## Aim of the task
All pictures must be left out as you transcribe the lines from the first line of the data to the line containing "Last move : 0-1", both included.

## Information shown
==========

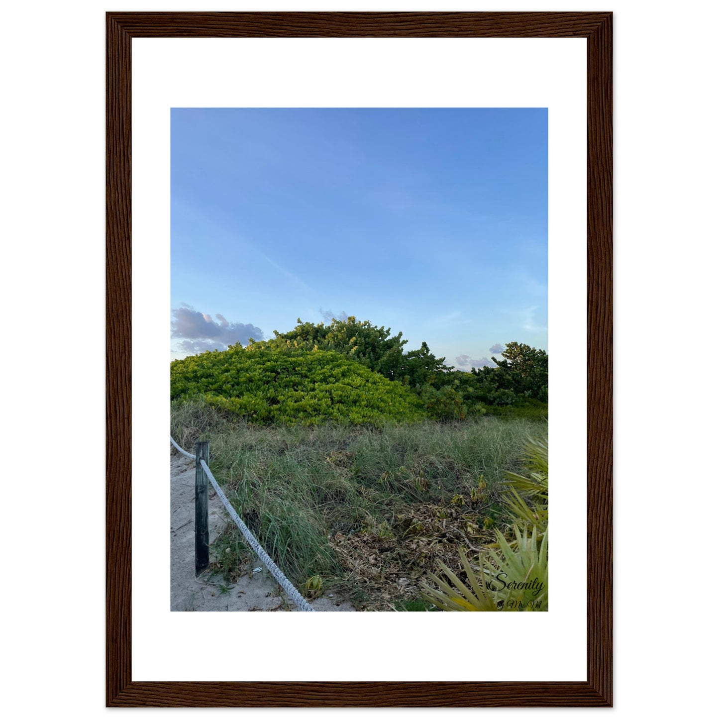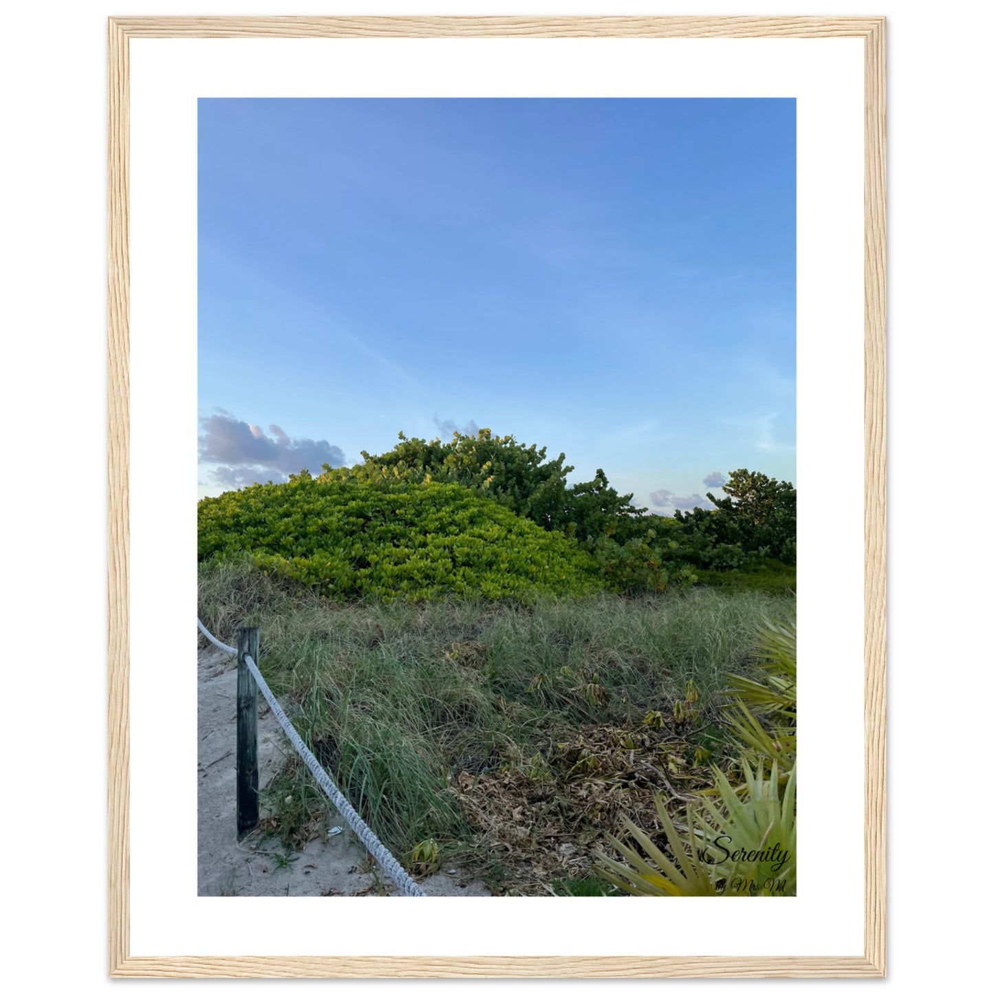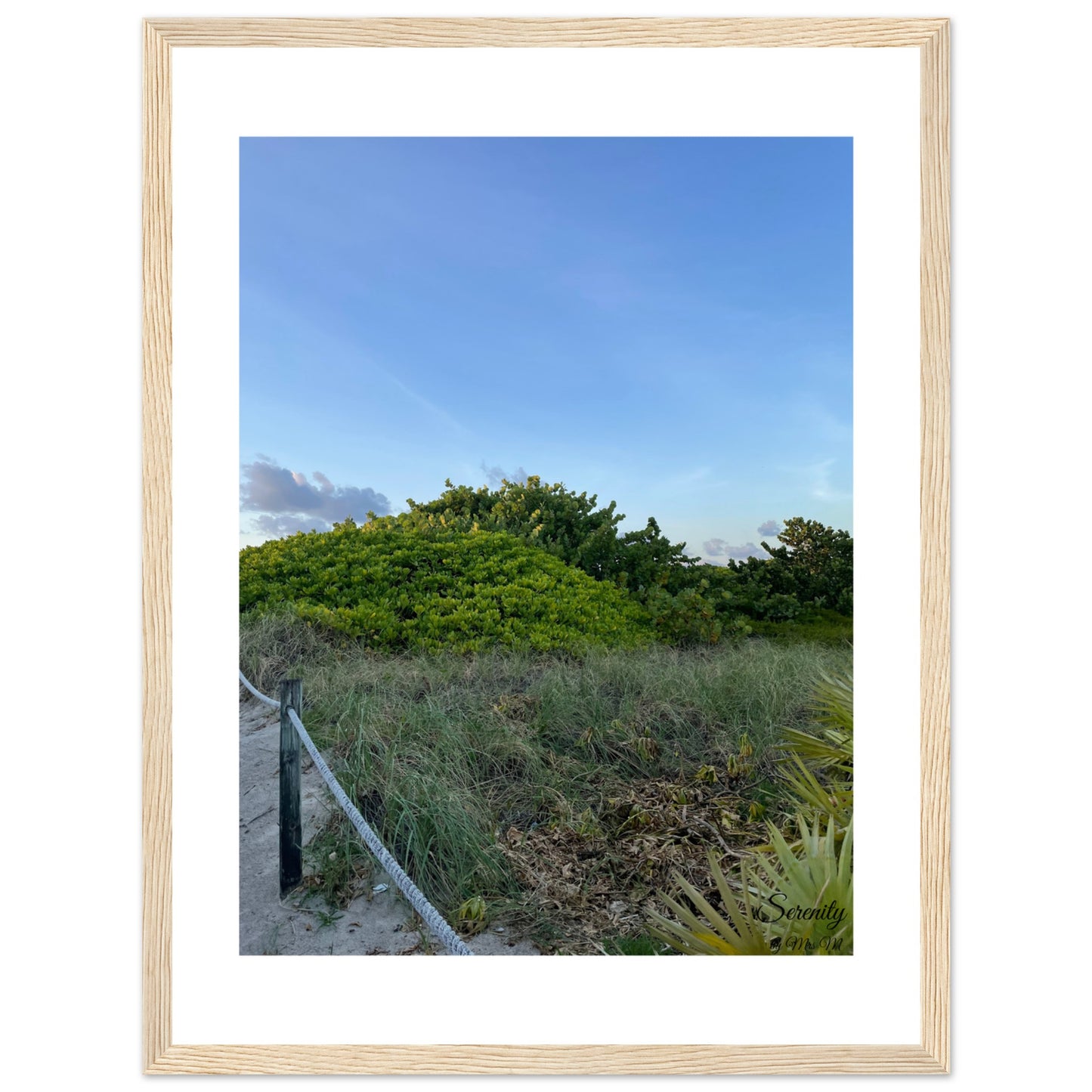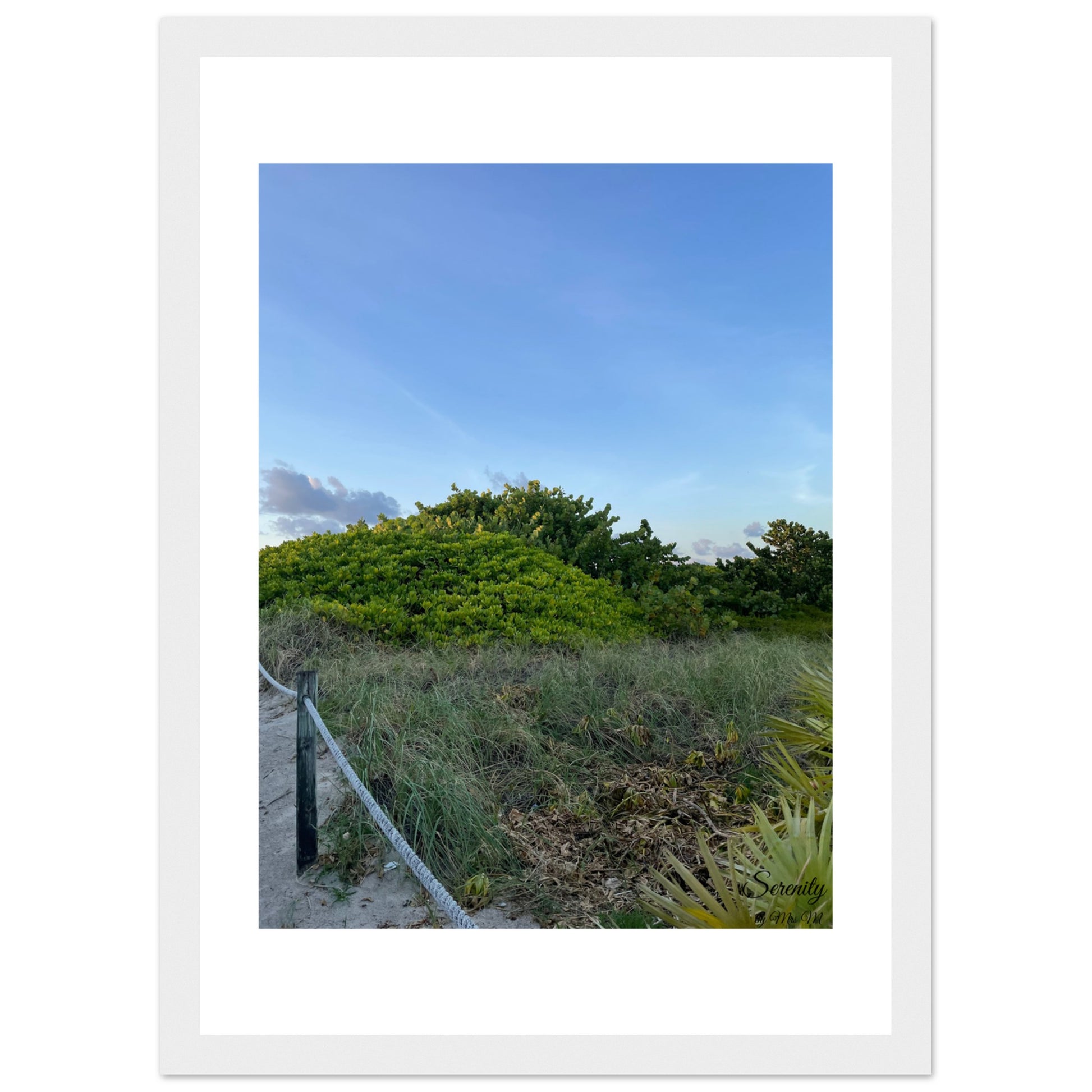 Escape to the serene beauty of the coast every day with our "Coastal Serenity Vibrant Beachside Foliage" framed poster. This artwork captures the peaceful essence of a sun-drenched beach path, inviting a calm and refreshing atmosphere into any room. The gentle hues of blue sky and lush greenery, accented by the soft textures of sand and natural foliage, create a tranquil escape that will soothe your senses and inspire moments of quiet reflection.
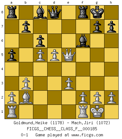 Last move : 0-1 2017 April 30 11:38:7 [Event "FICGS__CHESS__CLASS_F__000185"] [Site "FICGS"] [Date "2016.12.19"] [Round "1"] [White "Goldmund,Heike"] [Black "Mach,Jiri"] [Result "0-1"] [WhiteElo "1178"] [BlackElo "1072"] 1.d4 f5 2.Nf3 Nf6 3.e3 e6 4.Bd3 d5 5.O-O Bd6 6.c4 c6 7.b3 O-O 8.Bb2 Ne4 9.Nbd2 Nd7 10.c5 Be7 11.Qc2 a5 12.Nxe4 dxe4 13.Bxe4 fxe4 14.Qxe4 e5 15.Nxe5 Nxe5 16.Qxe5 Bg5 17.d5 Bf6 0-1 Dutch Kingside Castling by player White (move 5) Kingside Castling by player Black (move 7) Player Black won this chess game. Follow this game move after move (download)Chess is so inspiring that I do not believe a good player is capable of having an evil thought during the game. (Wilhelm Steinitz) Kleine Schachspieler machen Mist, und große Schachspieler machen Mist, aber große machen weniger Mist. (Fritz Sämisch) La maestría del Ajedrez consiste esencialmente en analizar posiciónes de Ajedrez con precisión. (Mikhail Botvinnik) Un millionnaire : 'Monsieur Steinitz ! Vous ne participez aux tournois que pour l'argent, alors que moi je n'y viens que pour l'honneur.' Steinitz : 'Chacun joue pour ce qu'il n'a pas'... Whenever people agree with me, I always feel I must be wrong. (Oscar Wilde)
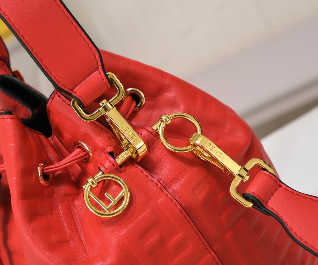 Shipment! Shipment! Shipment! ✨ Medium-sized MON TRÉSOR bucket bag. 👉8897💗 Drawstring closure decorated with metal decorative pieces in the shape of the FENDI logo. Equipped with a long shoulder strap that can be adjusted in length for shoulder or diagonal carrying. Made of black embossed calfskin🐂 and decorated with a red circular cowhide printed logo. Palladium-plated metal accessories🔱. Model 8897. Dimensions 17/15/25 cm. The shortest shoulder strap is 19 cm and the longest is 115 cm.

==========

## Output below
 Escape to the serene beauty of the coast every day with our "Coastal Serenity Vibrant Beachside Foliage" framed poster. This artwork captures the peaceful essence of a sun-drenched beach path, inviting a calm and refreshing atmosphere into any room. The gentle hues of blue sky and lush greenery, accented by the soft textures of sand and natural foliage, create a tranquil escape that will soothe your senses and inspire moments of quiet reflection.
 Last move : 0-1 2017 April 30 11:38:7 [Event "FICGS__CHESS__CLASS_F__000185"] [Site "FICGS"] [Date "2016.12.19"] [Round "1"] [White "Goldmund,Heike"] [Black "Mach,Jiri"] [Result "0-1"] [WhiteElo "1178"] [BlackElo "1072"] 1.d4 f5 2.Nf3 Nf6 3.e3 e6 4.Bd3 d5 5.O-O Bd6 6.c4 c6 7.b3 O-O 8.Bb2 Ne4 9.Nbd2 Nd7 10.c5 Be7 11.Qc2 a5 12.Nxe4 dxe4 13.Bxe4 fxe4 14.Qxe4 e5 15.Nxe5 Nxe5 16.Qxe5 Bg5 17.d5 Bf6 0-1 Dutch Kingside Castling by player White (move 5) Kingside Castling by player Black (move 7) Player Black won this chess game. Follow this game move after move (download)Chess is so inspiring that I do not believe a good player is capable of having an evil thought during the game. (Wilhelm Steinitz) Kleine Schachspieler machen Mist, und große Schachspieler machen Mist, aber große machen weniger Mist. (Fritz Sämisch) La maestría del Ajedrez consiste esencialmente en analizar posiciónes de Ajedrez con precisión. (Mikhail Botvinnik) Un millionnaire : 'Monsieur Steinitz ! Vous ne participez aux tournois que pour l'argent, alors que moi je n'y viens que pour l'honneur.' Steinitz : 'Chacun joue pour ce qu'il n'a pas'... Whenever people agree with me, I always feel I must be wrong. (Oscar Wilde)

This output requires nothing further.